The way I approach performance testing in an API is similar to the way I approach all my testing, which is to say holistically. There are many great tools that can help with performance testing an API, but you really don’t need to go there right away.
Just the other day, I was testing an API that allowed you set a display of items as selected or not. The API calls were not the fastest, but they really weren’t that slow. That is they weren’t that slow until you looked at how long it took for the user to be able to interact with the list. You see, each item on the list made it’s own API call, and so if you had say, 100 items on the list, you would have to wait for 100 API calls to resolve before you could interact with the last item. This caused a performance issue. Not so much because the API calls were too slow, but because the way the API was being used by the client did not give the necessary responsiveness.

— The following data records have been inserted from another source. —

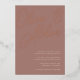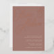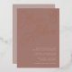 A beautiful typography based wedding invitation featuring your names in oversized rose gold foil script lettering at the top. Personalize with your wedding details in classic serif lettering aligned at the lower right. Our Terracotta colorway is an elegant mix of earthy neutrals, featuring warm white rosy taupe lettering on a terracotta clay background.
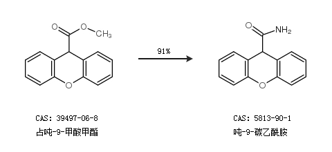 2.通过占吨-9-甲酸甲酯合成吨-9-碳乙酰胺,收率约91%;
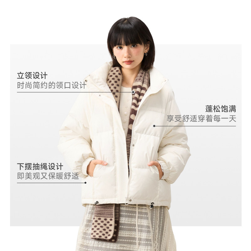 回力白色短款羽绒服女款通勤2026冬季新款小个子防风立领上衣外套
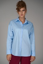 Блузка полуприталенного силуэта выполнена из эластичного хлопка. Особое внимание рукавам придают длинные манжеты – декоративный и функциональный элемент. Застежка на перламутровые пуговицы. Совет стилиста: используйте блузку в комплекте с джинсами прямого кроя, чтобы создать городской расслабленный образ. В паре с цветными брюками, на контрасте или в классическом черном сочетании, с жакетом.
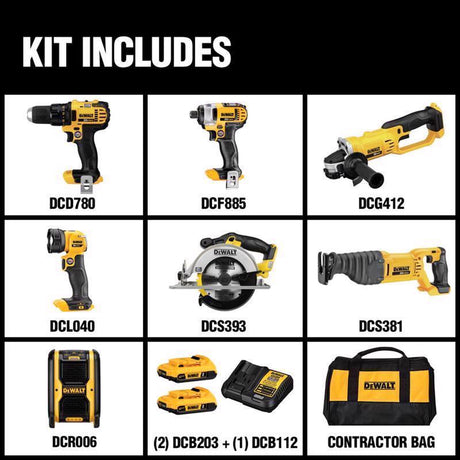 DeWalt 20V MAX Cordless Brushed 7 Tool Combo Kit
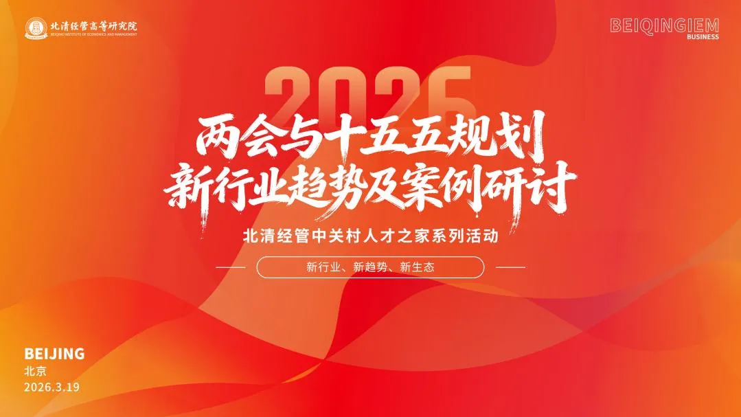 春启新程,智启未来。在2026年两会圆满落幕、“十五五”规划正式开局的关键节点,由北清经管高等研究院中关村人才之家主办的《2026两会与“十五五”规划新行业趋势及案例研讨会》闭门沙龙,在北清经管高等研究院圆满落幕!
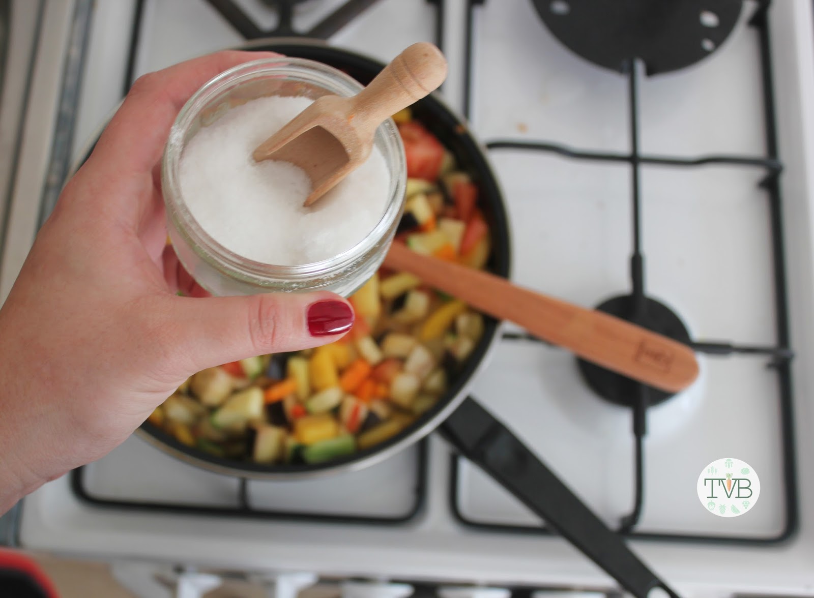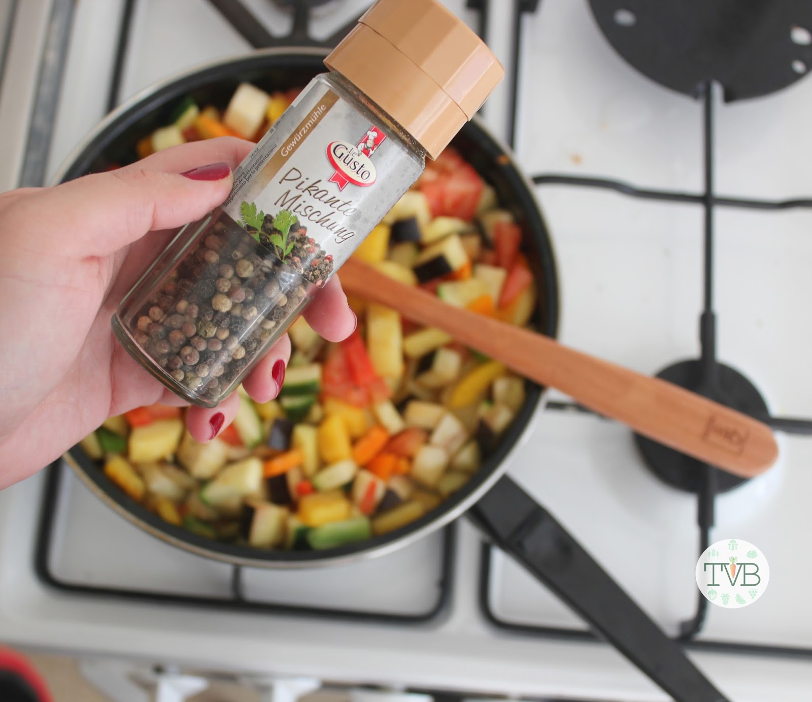 Würzt eure Gemüsepfanne mit Salz und Pfeffer. Rührt alle ordentlich durch.
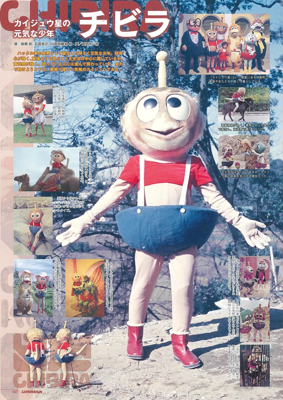 もう一作、掲載されている『チビラくん』(1970年)は1エピソード15分、月曜から土曜の週6エピソードで1話が完結し、それが1年半にわたり全468エピソード・78話放送されたという異色作です。主人公のカイジュウ・チビラくんとその家族をはじめ、ほとんどの登場キャラクターがスーツアクターによって演じられ、愉快なドタバタ劇が繰り広げられます。掲載5作品のうち『チビラくん』だけはキャラクターの紹介が主な記事となっています。
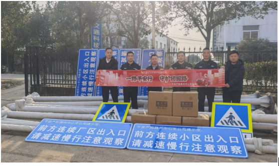 警保协同聚合力,硬件升级固防线。为从源头防范化解道路交通风险,平安财险滁州中心支公司主动对接滁州市公安局交通管理支队,深化警保联动协作机制,聚焦春节车流集中、事故易发的重点路段开展专项保障。2月11日,公司向滁州市公安局交通管理支队捐赠警示牌、警示灯等一批道路安全物资,精准补齐重点路段安全设施短板,有效提升道路警示防护能力,以硬件升级为春节出行安全筑牢基础。

The point being that you can’t just find performance issues, by checking how fast API responses come back or by looking at how many calls per second you can send to the API. Those may be important things to check, but there is a holistic approach that needs to come into play with performance testing as well. How is the API used and can it support a valuable end user experience? To me this is the crucial question we need to start with and then we can use tools to help us along the way. We can create automated performance tests and use stress and load testing tools to help us keep things where they need to be in terms of the ongoing performance of different aspects of the system. We can also use tools like these to help us figure out and understand where issues are coming from, but we need to always keep in mind the end goal. The user doesn’t care about how many milliseconds it takes for your API call to return. They care about how quickly they can do what they want to do. Make sure your API performance testing is in support of that!